AURORA | Over the past four decades, thousands of Aurora students have passed through the halls of Mrachek Middle School.
And while many have fond memories of years spent there before heading to nearby Rangview High School, many will likely remember the school’s layout as, well, different.
The school at 1955 S. Telluride St. was built in 1975 using an “open classroom concept,” according to Aurora Public Schools. That meant no windows or interior walls to separate classrooms and, even after a remodel in the early 1990s, the school’s layout irked many teachers and administrators.
“This design has been a challenge for the school community,” APS said in a statement.
Now, that quirky building’s days, it seems, are numbered.
Crews broke ground last week on a new Mrachek Middle School.
Corey Christiansen, a spokesman for APS, said the new school will open in fall 2018 and construction should be complete in time for teachers to start moving in that summer.
That means just one more school year for the old Mrachek. Christiansen said the old facility will be bulldozed after the new one’s built.
According to a statement from APS, the new Mrachek will be built next to the old. It will be a two-story, 130,000-square foot building with separate “learning communities” for each grade level, the statement said.
The new building is being funded in part by a $16 million-grant from the state’s Building Excellent Schools Today fund. In total, APS is slated to receive $16,054,888 in BEST grants, according to Colorado Department of Education calculations, with the district kicking in another $24 million toward the school’s construction.
Updating Mrachek has been a priority for APS since at least 2012, when members of the district’s Long Range Facility Advisory Committee toured the 36-year-old school and determined it was in need of a major overhaul, district construction officials said last year.
However, the Mrachek project was contingent on voters passing a $300-million bond measure last fall. The Mrachek project received more BEST funds than any of the 31 projects approved to receive a portion of the grant money. Funded through marijuana excise taxes, the School Trust Lands and dollars generated by the Colorado Lottery, the BEST program was created in 2008 via a state law intended to help districts build and replace facilities.
As of Wednesday morning, the APS bond question, which appeared on the ballot as question 3C, was approved by exactly 57 percent of voters in Arapahoe County. In Adams County, which comprises just a small portion of the APS district, voters approved the question by about 9.5 percentage points.
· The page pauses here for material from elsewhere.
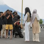 CELEBES IMAGES, Ternate – Sejumlah anggota komunitas fotografi memotret model saat hunting foto bareng di Kawasan Pusat Kuliner, Ternate, Maluku Utara, Minggu (1/3/2026). Kegiatan yang digelar oleh komunitas fotografer Ternate tersebut sebagai ajang silaturahmi antar anggota komunitas pecinta fotografi sambil menunggu waktu berbuka puasa (ngabuburit) sekaligus mempromosikan kawasan pusat kuliner melalui karya foto

Beyond Mrachek, the bond approval will provide the district with money to update and overhaul many other crowded and aging APS schools. The funds will be used to construct a new school serving grades six to 12 in northwest Aurora, as well as a new P-8 school in east Aurora and the replacement of Lyn Knoll Elementary School.
District officials have said the bond issue will increase residential property taxes by about $1.93 per month for every $100,000 of home value. That equals about $23 annually per $100,000 in property value.
Staff writer Quincy Snowdon contributed to this report.